I was experiencing post-herpetic neuralgia (PHN), which can last anywhere from weeks to lingering years. It’s the pain left behind even after the rash disappears. Approximately 13 percent of people 60 years of age and older will develop PHN, but it's rare for anyone younger than 40 years old. It quickly became clear to me the human body was not designed to handle this type of pain for this long.

When the virus travels down the nerves and reaches the sensory root, the pain becomes nearly debilitating, and it took my breath away on a daily basis. Many don’t realize there's a link between suicide and shingles. People have taken their own lives from the torment, making it the most common cause of pain-related suicide among patients in the United States.

“Post-herpetic neuralgia continues to be one of the most painful, acute, and chronic conditions to afflict mankind,” according to Dr. John Nelson, a physician who specializes in pain management.

As weeks passed by, the dragon started to quiet down inside its cage, and I slowly began to feel sane again. That’s one thing they tell you that you don’t quite believe until it happens. The pain will drive you crazy. So maddening, during my follow-up exam I was prescribed antidepressants. Not because I was depressed — far from it — but because it was the only thing strong enough to open up windows of relief from the pain.
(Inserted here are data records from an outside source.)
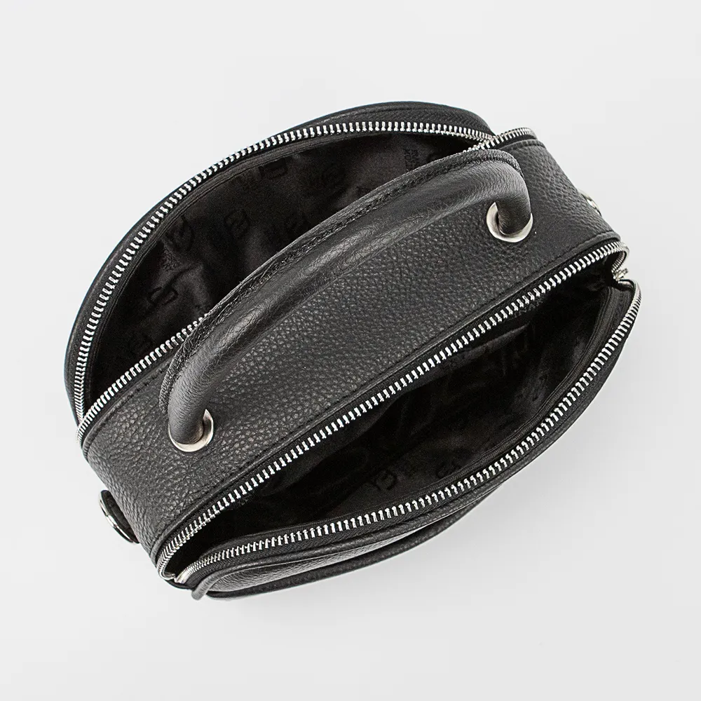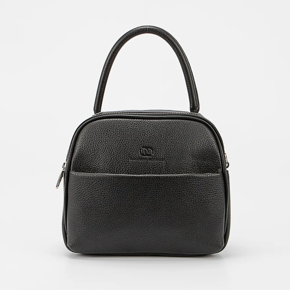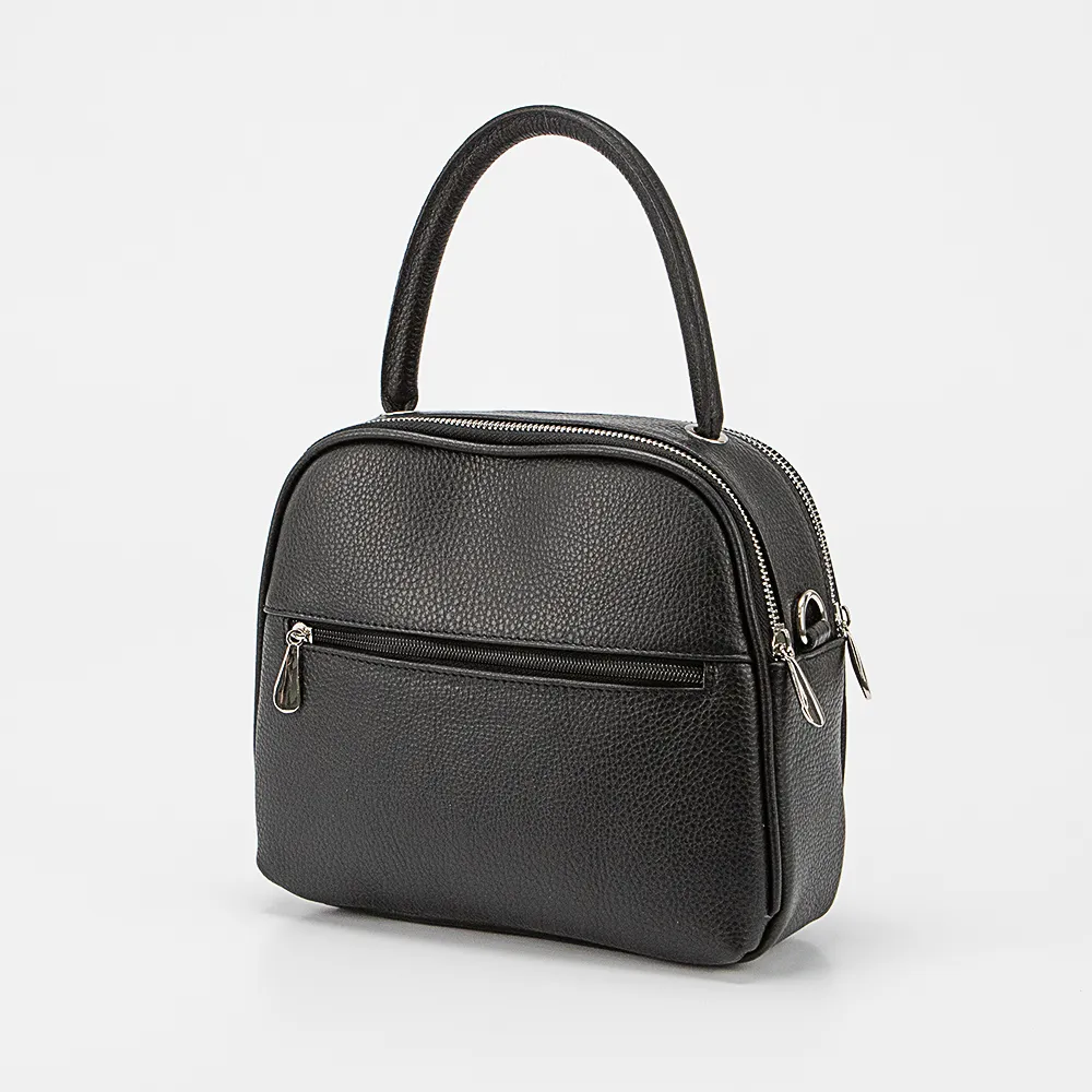 Сумка от торговой марки Francesco Molinary из натуральной кожи черного цвета. Модель с удлиненной плотной ручкой и съемным регулируемым плечевым ремнем. Два отделения на молнии, с фирменной подкладкой. На задней стороне – карман на молнии.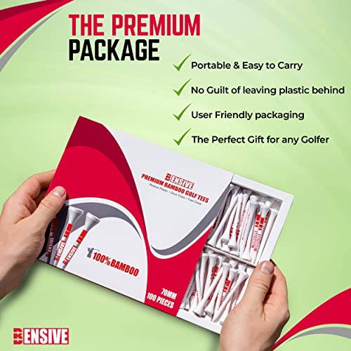 BENSIVE Golf Tees Bamboo 70mm –50 Pcs Sturdy, Biodegradable, Sustainable Wooden Golf Tees with Height Markers & Curved Top for Reduced Friction – Ideal for Beginner & Professional Golfer White(50)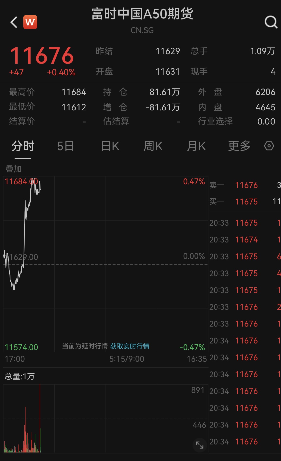 公告發布后,富時中國A50指數期貨短線急速拉升,截至記者發稿,富時中國A50指數期貨上漲0.40%。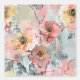 Elegant wallpaper featuring muted pink, yellow and orange floral abstracts on a blue and sage green background.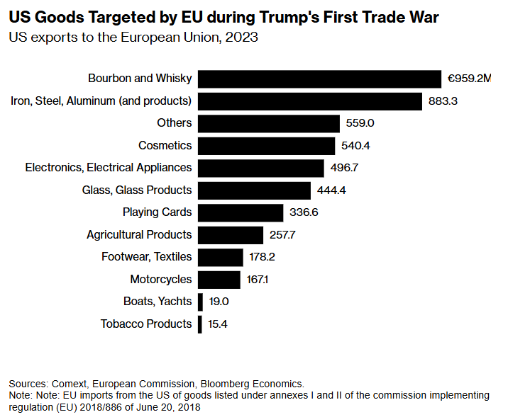 布鲁塞尔此前表示,将对美国的任何举动采取迅速和相称的报复,并已连续数月研究制定多份将要打击的商品清单。这些清单包括来自某些美国选区的政治敏感产品,旨在给美国带来比欧洲经济更大的经济损失。

I cannot emphasize enough how important it is to seek medical attention at the first signs of shingles. The risk of developing post-herpetic neuralgia is cut in half if a patient begins taking antiviral medications within 72 hours of developing the rash. I have always overestimated my pain threshold and thought I could ride out the dragon, leaving me to silently suffer for two weeks without treatment.

Fortunately, there’s a five percent chance lightning will strike twice, giving me solace in having drastically decreased the likelihood of going through this again at a fragile and elderly age. There is a vaccine for shingles, and currently a new one in the process of being developed; however, insurance companies rarely cover it for those younger than 60 years old.

“Get vaccinated,” I told everyone who knew what happened to me. And now I’m telling you, the generation at risk, get it before the dragon awakes within.